Old Westbury passes wall amendment, introduces law intended to ease resident access to new legislation
Village of Old Westbury residents Mike Khorrami (right) and Myron St. Wecker were among the few residents who attended and participated in a public hearing Tuesday. (Photo by Teri West)

The Village of Old Westbury Board of Trustees passed a law that more closely regulates retaining walls and introduced another requiring all pending legislation to be posted on the village website at its meeting Tuesday night. 

The introduction of and eventual vote on the latter motion came in the middle of an often heated hour-long public hearing before the Board of Trustees about the wall amendment.

Trustee Leslie Fastenberg seemingly spontaneously dictated the new law.

“There is no reason that anything that we are doing should not be available to every resident, particularly when we are trying to introduce new code that’s going to impact people,” she said. “That’s the way to encourage participation.”

Resident Mikel Eisenberg was the first to raise concern about a lack of transparency. He had urged the board to postpone a vote on the wall amendment in September so as to give the village time to alert residents of the potential change but said that most residents still are unaware of the changes.

Myron St. Wecker, a resident at the meeting who said he attends them “just because I’ve lived in the village for nearly 50 years,” said that he had to go through the process of submitting a Freedom of Information Act request to view the retaining wall amendment in advance of Tuesday’s meeting.

After hearing such remarks, the Board of Trustees, with Trustee Edward Novick absent, unanimously approved the introduction of the local law, which will now be voted on in February.

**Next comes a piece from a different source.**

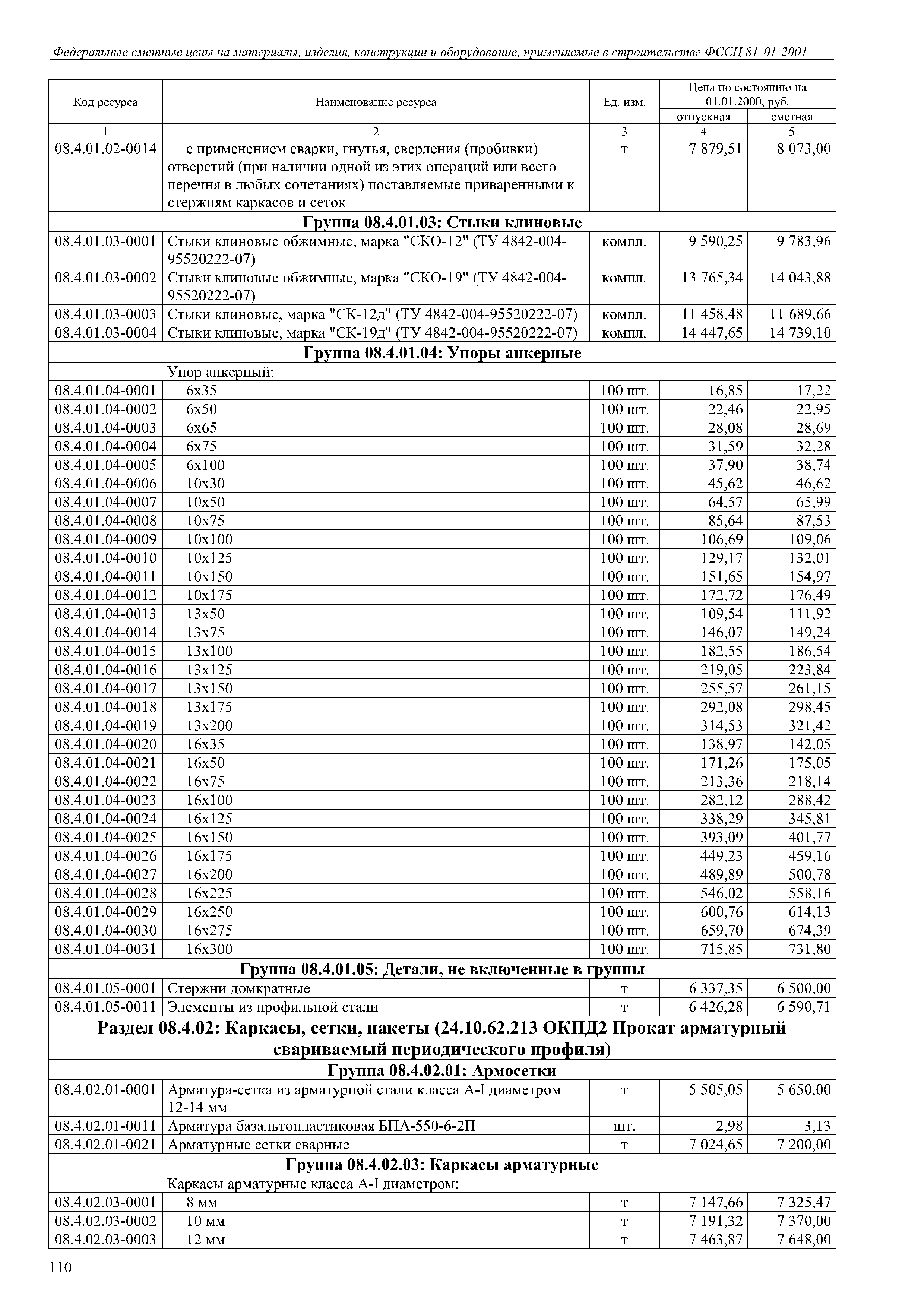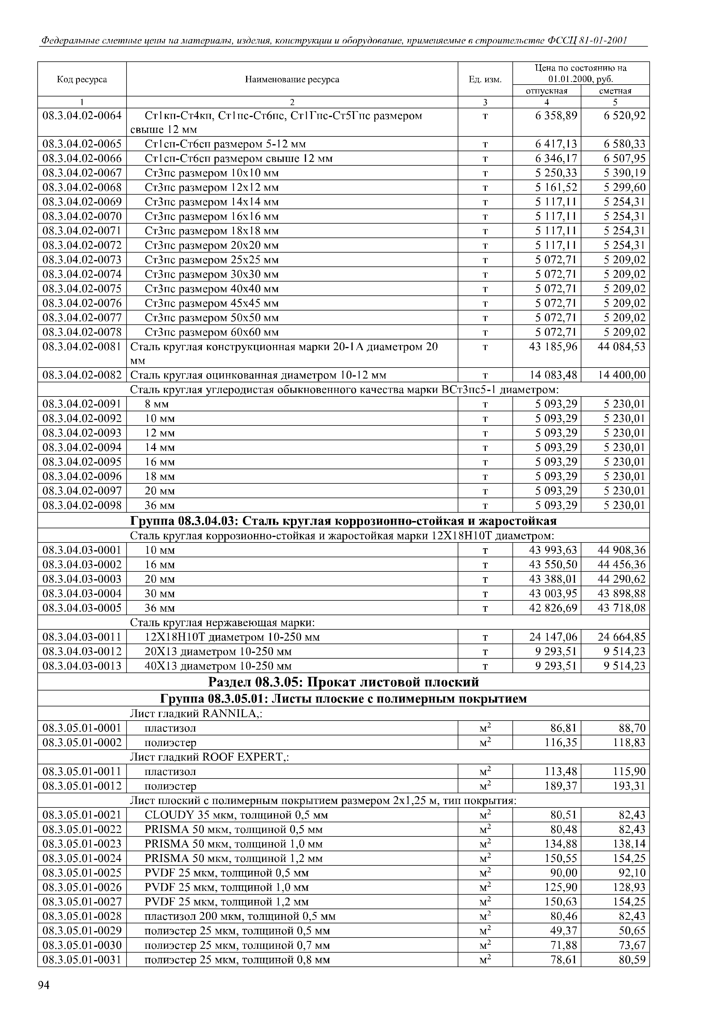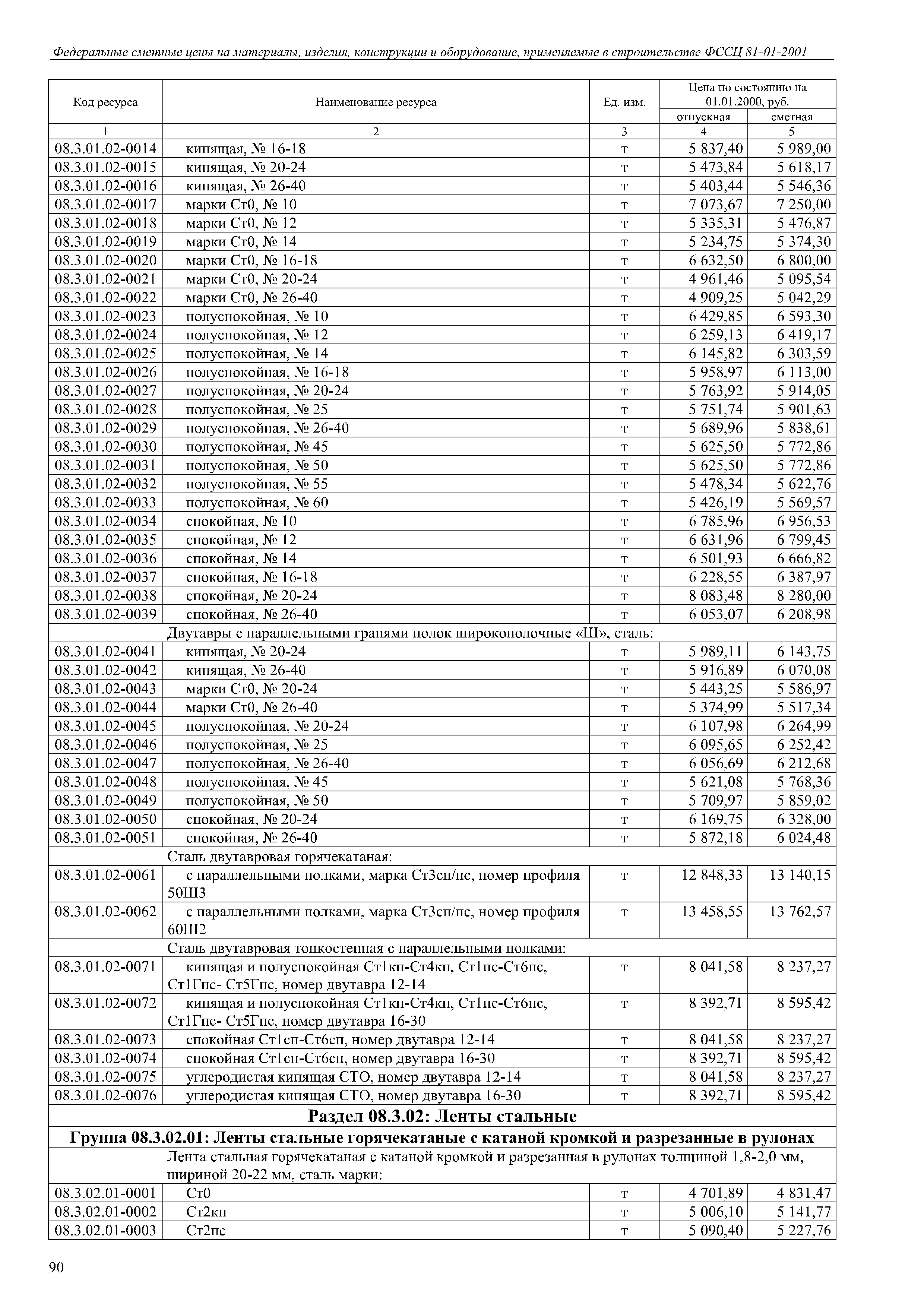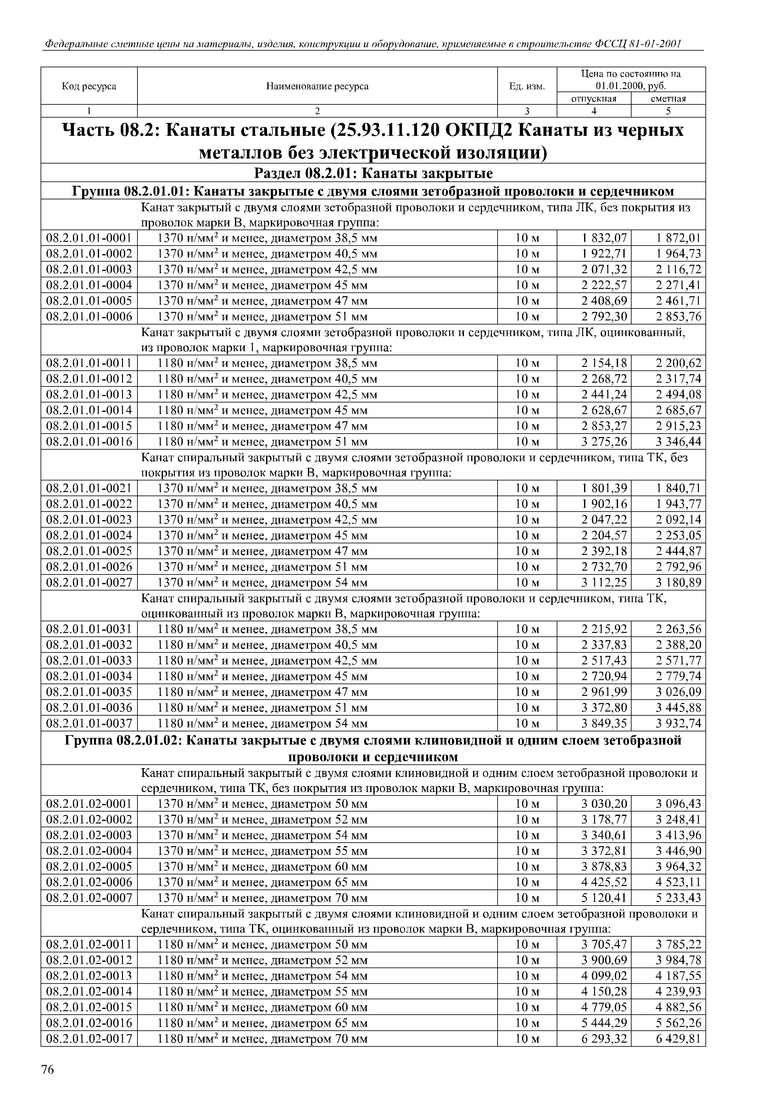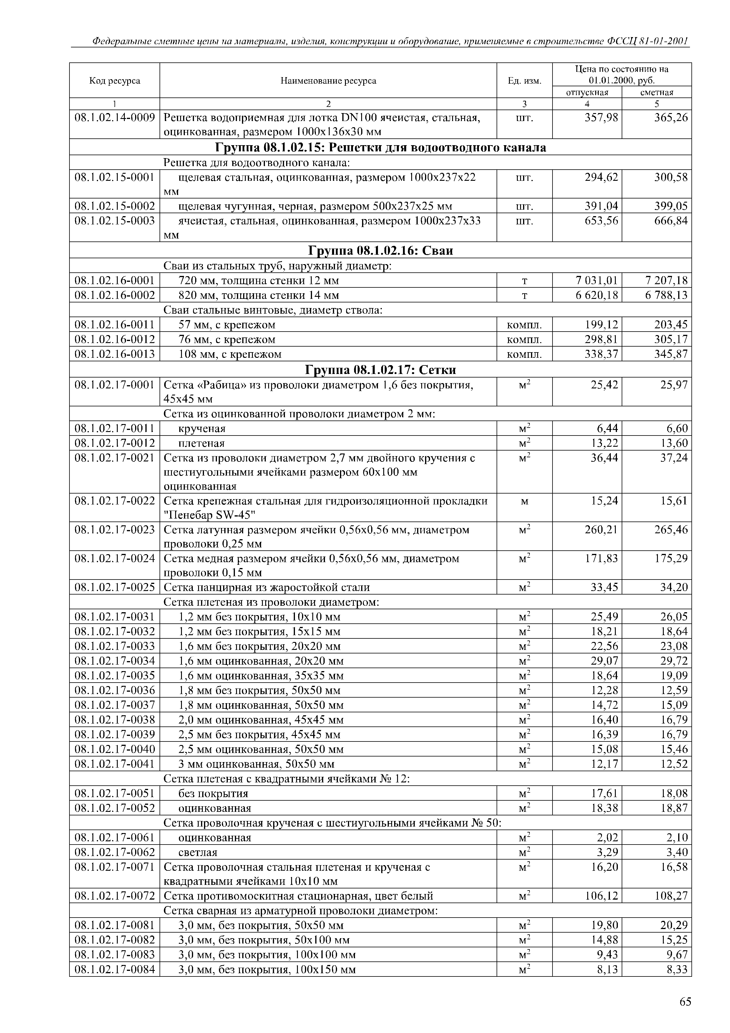 Книга 08: Изделия металлические, металлопрокат, канаты. Федеральные сметные цены на материалы изделия, конструкции и оборудование, применяемые в строительстве. Федеральный сборник сметных цен на материалы, изделия и конструкции, применяемые в строительстве| Статус: | действует | | Название рус.: | Книга 08: Изделия металлические, металлопрокат, канаты. Федеральные сметные цены на материалы изделия, конструкции и оборудование, применяемые в строительстве. Федеральный сборник сметных цен на материалы, изделия и конструкции, применяемые в строительстве | | Дата добавления в базу: | 05.05.2017 | | Дата актуализации: | 01.01.2021 | | Дата введения: | 28.04.2017 | | Область применения: | Государственные сметные нормативы "Федеральные сметные цены на материалы, изделия, конструкции и оборудование, применяемые в строительстве" предназначены для определения сметной стоимости строительства, реконструкции и капитального ремонта объектов капитального строительства. | | Оглавление: | Часть 08.1: Изделия из металла Раздел 08.1.01: Конструкции габионные Раздел 08.1.02: Металлоизделия общестроительного и специального назначения Раздел 08.1.03: Элементы вентиляционных камер и шахт Раздел 08.1.04: Элементы дымоходов Раздел 08.1.05: Элементы мусоропроводов Раздел 08.1.06: Элементы ограждений Часть 08.2: Канаты стальные Раздел 08.2.01: Канаты закрытые Раздел 08.2.02: Канаты круглые Раздел 08.2.03: Канаты плоские Раздел 08.2.04: Канаты стальные прочие Часть 08.3: Металлопрокат Раздел 08.3.01: Двутавры Раздел 08.3.02: Ленты стальные Раздел 08.3.03: Проволока Раздел 08.3.04: Прокат круглый и квадратный Раздел 08.3.05: Прокат листовой плоский Раздел 08.3.06: Прокат листовой рифленый и волнистый Раздел 08.3.07: Прокат полосовой Раздел 08.3.08: Прокат угловой Раздел 08.3.09: Профили гнутые Раздел 08.3.10: Профили фасонные Раздел 08.3.11: Швеллеры Раздел 08.3.12: Прокат и стали прочие Часть 08.4: Сталь арматурная Раздел 08.4.01: Детали закладные и накладные Раздел 08.4.02: Каркасы, сетки, пакеты Раздел 08.4.03: Сталь арматурная горячекатаная для железобетонных конструкций | | Утверждён: | 30.12.2016 Минстрой России (Russian Federation Minstroy 1039/пр)

The majority of the requirements in the retaining wall law that passed pertain to the construction of new walls, creating procedures for applying for permits and regulations about structure and aesthetics.

The Planning Board subcommittee, for example, must now review permit applications for walls between two and five feet in height. Taller walls must be approved by the Planning Board.

Aesthetically, walls taller than two feet cannot be smooth concrete, but rather a material such as brick or stone “so as to minimize the negative visual impact of the wall,” the law says.

Regulations about repairing existing walls make up about a quarter of the zoning changes and focus on the need for a permit and conditions under which a potentially dangerous wall must be repaired.

The issue of required repair was the one section of the text that was modified Tuesday evening before the vote.

Initially, it required residents to self-inspect retaining walls annually.

Instead, residents must now notify the Building Department if their wall shows sign of damage, such as tipping, and the building superintendent may then require immediate repair after an inspection.

Resident Mike Khorrami was the first at the meeting to raise an issue about required self-inspection for homeowners.

Homeowners who do not feel confident in an ability to do so might incur an added expense of hiring someone to complete an inspection, he said. Otherwise, the village could potentially have grounds to sue a resident if a retaining wall becomes damaged.

Village Attorney Michael Sahn said that the potential for such a lawsuit could not be ruled out.

Fastenberg was the sole vote against the retaining wall amendment, expressing concern early on in the hearing about the level at which the village will be imposing regulations.

She cited the change from an initial zoning law a few paragraphs long to the amended version, which fills five pages, as “overzealous regulation” and as being introduced without concrete evidence that wall safety has been a major issue in the village.

“To me it looks like one more fee, it looks like one more permit and it looks like more power to the building inspector,” she said.

Mayor Fred Carillo responded that the law was not intended to be “draconian.” Trustee Marina Chimerine chimed in.

“Every single code and every single change that’s transpired is to promote the public health safety of the residents,” Chimerine said. “It’s not to hurt the residents. That’s not what we’re doing.”